If you must return `STATUS: BLOCKED`, FIRST leave the checkout clean and buildable for the next
task: `git reset --hard` to your last green IMPL_SHA if you have one, else the prior task's HEAD
(never leave uncommitted or non-building changes). State the blocker TYPE in the summary:
`BLOCKED(test)` = impl committed & building, only verification incomplete (give the exact unverified
behavior + SHA); `BLOCKED(impl)` = no green impl (say whether HEAD is left clean/buildable). Reserve
a true unrecoverable stop for a broken checkout you cannot reset to a buildable commit.
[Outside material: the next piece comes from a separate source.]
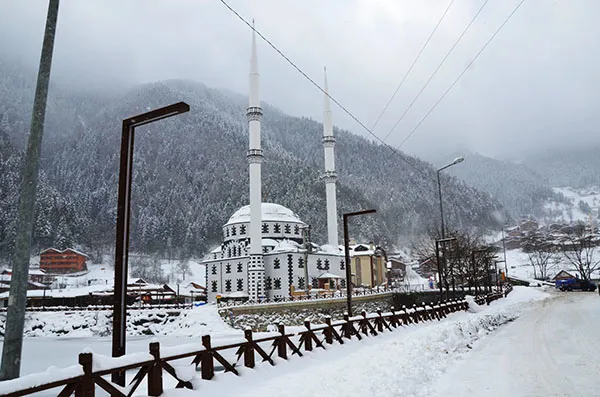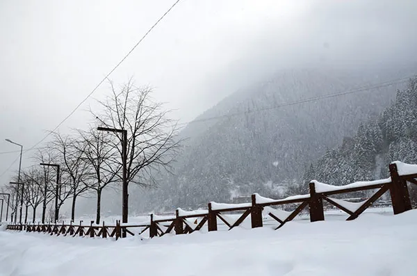 Trabzon'da dünyaca ünlü turizm merkezi Uzungöl, kar yağışıyla birlikte beyaza büründü.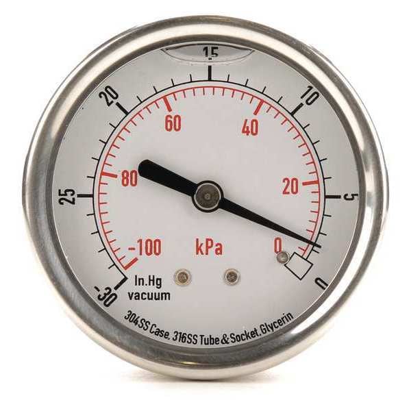 Commercial Vacuum Gauge, Nominal Dial Size 2 1/2 in, Accuracy +/-3-2-3 Percent, Gauge Case Material 304 Stainless Steel, Process Connection Type NPT, Process Connection Gender Male, Lens Material Acrylic, Process Connection Size 1/4 in, Field Fillable No, Process Connection Location Center Back, Case Color Silver, IP/NEMA Rating Not Rated, Primary Pressure Range 30 to 0, Dry Dampening Feature None, Vibration Resistance Liquid-Filled, Dial Color White

Reply with only the compact summary block from test-loop.md
(TASK/STATUS/VERDICT/ATTEMPTS/TOUCHED/DISCOVERED/NOTES).

Completion

When the loop ends (every task is approved or blocked):

FIRST — LOUDLY AND IN BOLD — list everything that did NOT fully succeed. Every blocked task and every task whose tests could not fully verify it gets its own bold line stating EXACTLY what failed or what is still UNVERIFIED and the manual follow-up needed, e.g. "⚠️ <letter> — impl committed (<sha>) & review-approved, but <behavior> is UNVERIFIED (<why, e.g. test-harness limit>); verify manually". Make this block impossible to miss. If everything passed AND verified, say that explicitly instead.
Summarize per task: approved vs blocked, attempts, files touched, key test evidence.
List any discovered tasks that were added.
Note the project name for implement <project> <follow-up>.
Show total elapsed time (Xh Ym Zs, omit zero components).
Remind that test overlays are saved as .ai/<project>/<letter>/test-overlay.patch and the checkout is left at each task's implementation commit (overlays reset away).

Error handling

Follow task-think's retry ladder for stuck phases. A task-runner returning BLOCKED does NOT stop the loop by default — record it and continue while the checkout stays clean and buildable (Phase C step 5); stop only when continuing is impossible (broken/non-buildable checkout, or a global environment failure). Report every blocker LOUDLY in Completion.
If implementing.md or any artifact is malformed, re-spawn that step with tighter instructions.
For file-lock build errors, run the autonomous path-scoped kill from test-loop.md and retry once. Kill only the resolved EXE for this checkout; taskkill /IM Telegram.exe /F and other image-name-wide kills are forbidden. If the lock persists after the scoped retry, return BLOCKED with the lock reason instead of asking for user input.
The launch gate (Phase A) guarantees the test account exists before any work begins.
Keep .ai/ artifacts and edited text files LF/no-BOM on WSL; run CRLF normalization only on a native Windows checkout.

User invocation

Use local implement skill: <request or path to a task file> — ideally under Goal run mode so it loops to a tested state. Resume/extend: Use local implement skill: <project> [additional change]. Default task source: Use local implement skill: <project> with a prepared .ai/<project>/tasks/about.md runs the whole pipeline from that file with no other input.